If None (failed to capture), skip processing and retry.
Resize & Convert the Image to Grayscale
# Resize image for faster processing
frame_resized = cv2.resize(frame, (400, 300))
# Convert to grayscale (better OCR accuracy)
gray = cv2.cvtColor(frame_resized, cv2.COLOR_BGR2GRAY)
Resizing to (400, 300) → Speeds up OCR processing without losing clarity.
Converting to grayscale → Improves OCR accuracy.
Perform OCR (Text Recognition)
start_time = time.time()
results = reader.readtext(gray, detail=0, paragraph=True)
print(f"[INFO] OCR processed in {time.time() - start_time:.2f} seconds")
Calls reader.readtext(gray, detail=0, paragraph=True).
detail=0 → Returns only the recognized text.
paragraph=True → Groups words into sentences.
Logs how long OCR processing takes.
if results:
detected_text = " ".join(results)
print(f"[INFO] Recognized Text: {detected_text}")
If text is detected, print the recognized text.
Display the Image (Optional)
cv2.imshow("ESP32-CAM Feed", frame_resized)
Opens a real-time preview window of the ESP32-CAM feed.
# Press 'q' to exit the loop
if cv2.waitKey(1) & 0xFF == ord('q'):
break
Press 'q' to exit the loop and stop the program.
Cleanup
cv2.destroyAllWindows()
Closes all OpenCV windows when the program exits.
Setting Up Python Environment
Install Dependencies:
Create a virtual environment:
python -m venv ocr_env
source ocr_env/bin/activate # Linux/Mac
ocr_env\Scripts\activate # Windows
Install required libraries:
pip install opencv-python numpy easyocr requests
After setting up the Python environment, run the Python code to capture images from the ESP32-CAM and perform text recognition using EasyOCR.
Let’s test the setup!
Run the Python code and place your camera in front of a text.

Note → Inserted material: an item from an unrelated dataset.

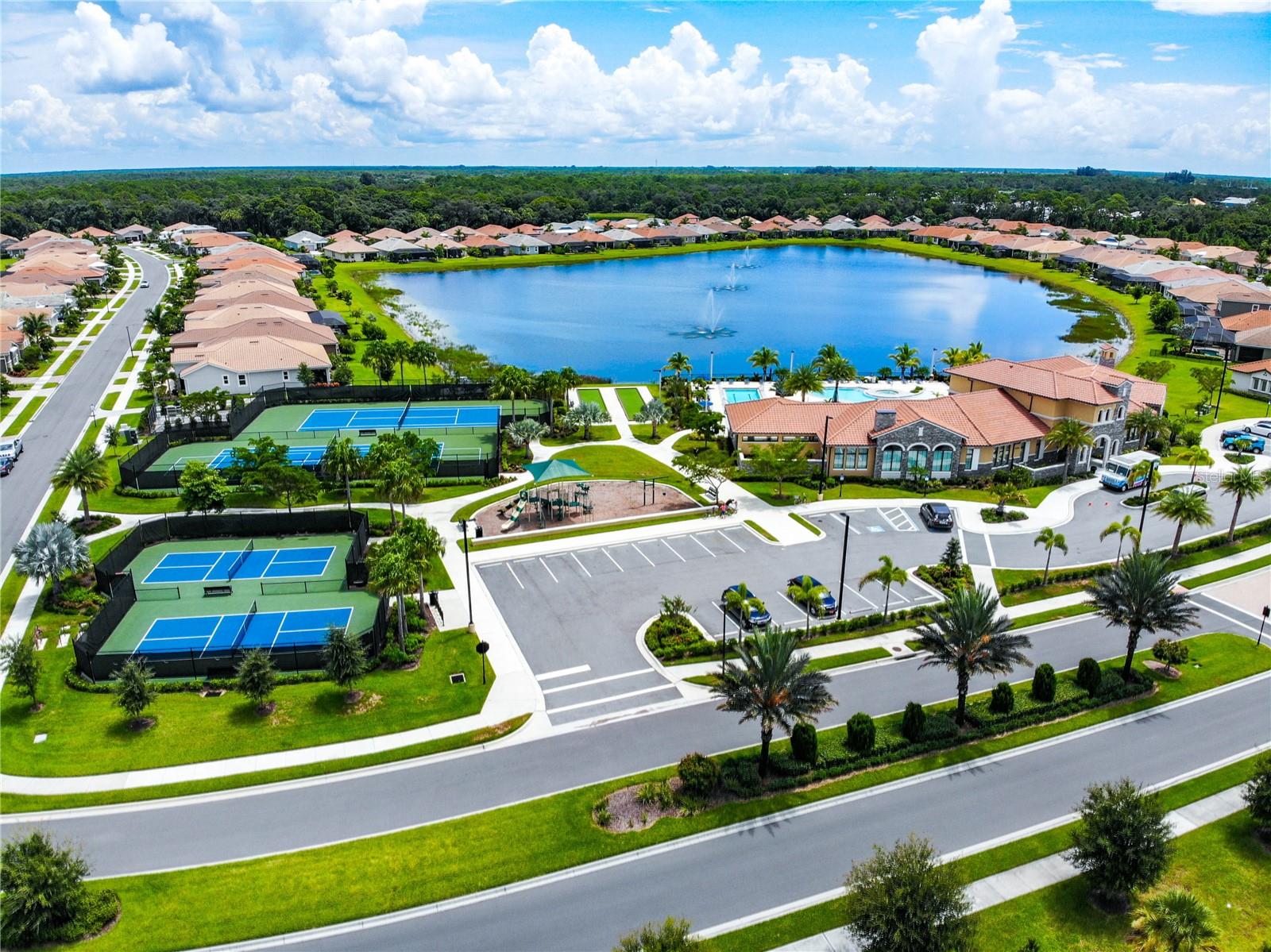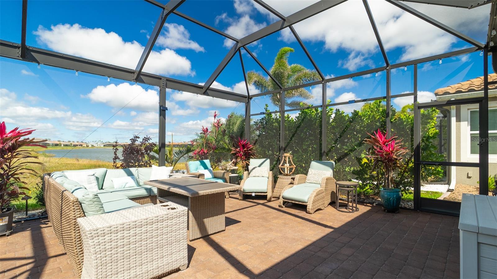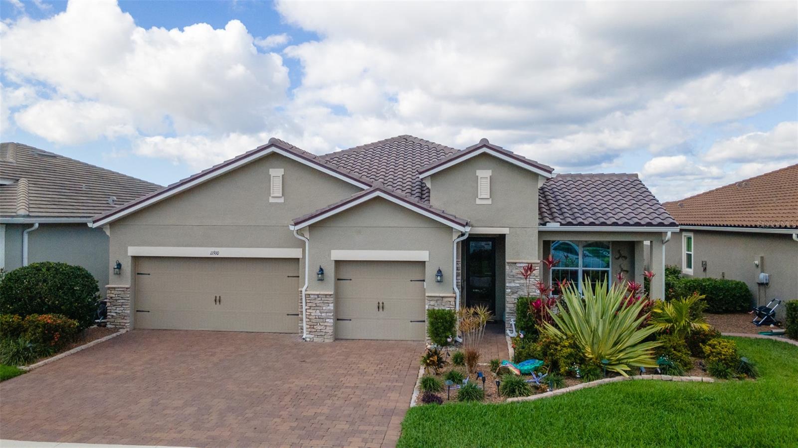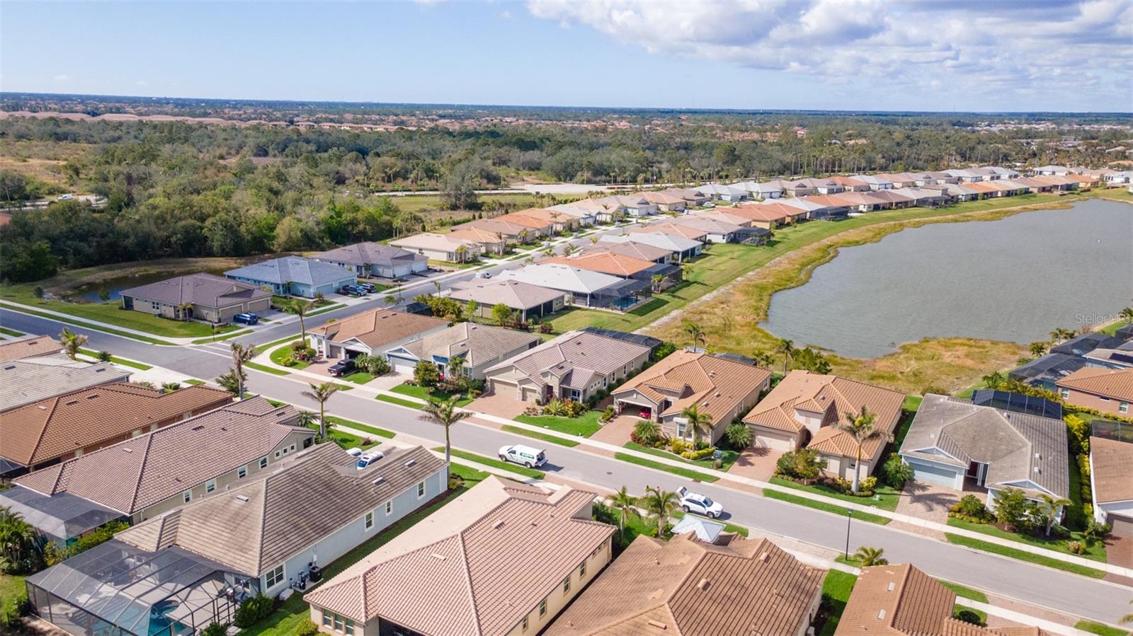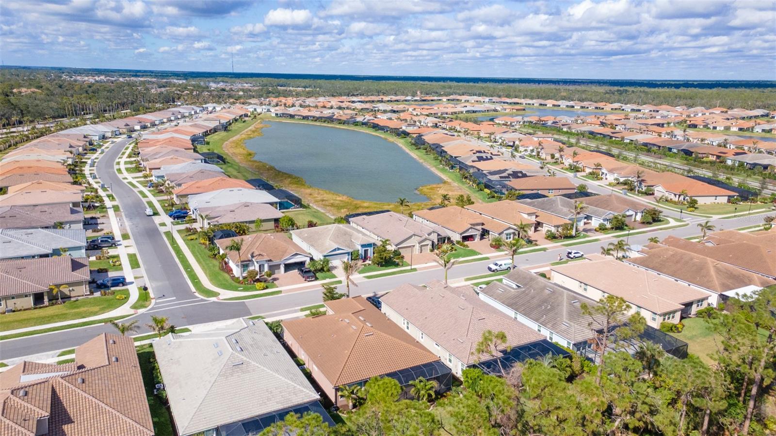 Welcome to your dream home in the Renaissance subdivision of Wellen Park! This stunning 4-bedroom, 3.5-bath masterpiece is the largest model offered in the community, boasting high-end updates and a spacious layout perfect for a large family. Nestled along a serene lake view, this residence combines luxury and comfort with breathtaking scenery. Step inside and be greeted by an abundance of natural light pouring through skylights in the main living area, creating a bright and inviting atmosphere. The gourmet kitchen flows seamlessly into the dining room, where you'll find a stylish built-in bar and storage area—ideal for entertaining guests or enjoying family dinners. The office, featuring elegant glass French doors, offers a perfect space for work or study. Outside, the expansive lanai is an entertainer’s paradise, complete with a sink and refrigerator for effortless outdoor living. Overlooking the tranquil lake, this space is perfect for relaxing or hosting gatherings. Car enthusiasts and storage seekers will appreciate the generous 3-car garage, providing ample room for vehicles, toys, or a workshop. Located in vibrant Wellen Park, you’ll enjoy access to new restaurants, shopping, lively bars, and the Atlanta Braves spring training facility—all just moments away. With generous living spaces, premium finishes, and thoughtful design throughout, this home is a rare find. Whether you're unwinding in one of the expansive bedrooms, sipping a drink on the lanai with lakefront views, or exploring the exciting amenities of Wellen Park, every detail has been crafted for modern family living at its finest. Don’t miss your chance to own this exceptional property in the Renaissance community!

The text will be detected.

Fig: Sample
You will see the text in the output window.

Fig: Detected text shown

fig: sample

fig: Detected text
Wrapping It Up
Congratulations! You've successfully built a real-time OCR system using ESP32-CAM and Python. With this setup, your ESP32-CAM captures images and streams them to your Python script, where OpenCV and EasyOCR extract text from the visuals. Whether you're automating data entry, reading license plates, or enhancing accessibility, this project lays the foundation for countless applications.
Now that you have it running, why not take it a step further? You could improve accuracy with better lighting, add pre-processing filters, or even integrate the results into a database or web dashboard. The possibilities are endless!

If you run into any issues or have ideas for improvements, feel free to experiment, tweak the code, and keep learning. Happy coding!